# Passport details change. Is form 929 sufficient?



## hitesh (Nov 17, 2012)

Guys!!

Need your help again!!

I had submitted my visa application last month and CO has been allocated to my case. However, when I applied for PCC, I was told that my wife's name should be endorsed on my passport to get PCC. Then I applied for re-issue of passport (under Tatkal) and now I have my new passport with me. 
How should I inform this to CO? Is form 929 sufficient for this?

I have another query. Under section D 'Part D – New passport details'. What should I answer for point 18 '18 Details of other passport(s) held by the applicant/visa holder'. Do I need to enter old passport details here?

Thanks!!


----------



## hitesh (Nov 17, 2012)

hitesh said:


> Guys!!
> 
> Need your help again!!
> 
> ...


Guys, Still waiting for the reply.. please help!!


----------



## girlaussie (Nov 21, 2012)

Hi

1: Form 929 is the right form. 

2: For Point 18: Details of other passport(s) held by the applicant/visa holder'. Do I need to enter old passport details here?

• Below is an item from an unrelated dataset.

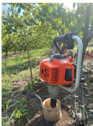
Figura 5. Coleta de solo para análise

Além das análises de solo, houve uma crescente demanda pela coleta de tecido foliar, especialmente em frutíferas perenes, como videiras e pessegueiros, que permanecem implantadas no campo durante todo o ano. As análises foliares complementam as de solo, permitindo que o produtor entenda não apenas o que está disponível no solo, mas também quais nutrientes estão efetivamente sendo absorvidos pelas plantas. Essa integração das informações facilita o planejamento da adubação, garantindo que as quantidades aplicadas correspondam à demanda nutricional real das culturas, evitando excessos e desperdícios.

You can call your CO and confirm this but I think you need to enter old passport detail. 

Good Luck!!

Girl Aussie


----------



## hitesh (Nov 17, 2012)

girlaussie said:


> Hi
> 
> 1: Form 929 is the right form.
> 
> ...


Thanks dear!! much appreciated!!


----------



## miteshm82 (Aug 20, 2013)

hitesh said:


> Thanks dear!! much appreciated!!


Hi Hitesh,

What did you write in the "At which office was the application lodged"?

I am in same situation of passport details change to endorse my wife's name for PCC.


----------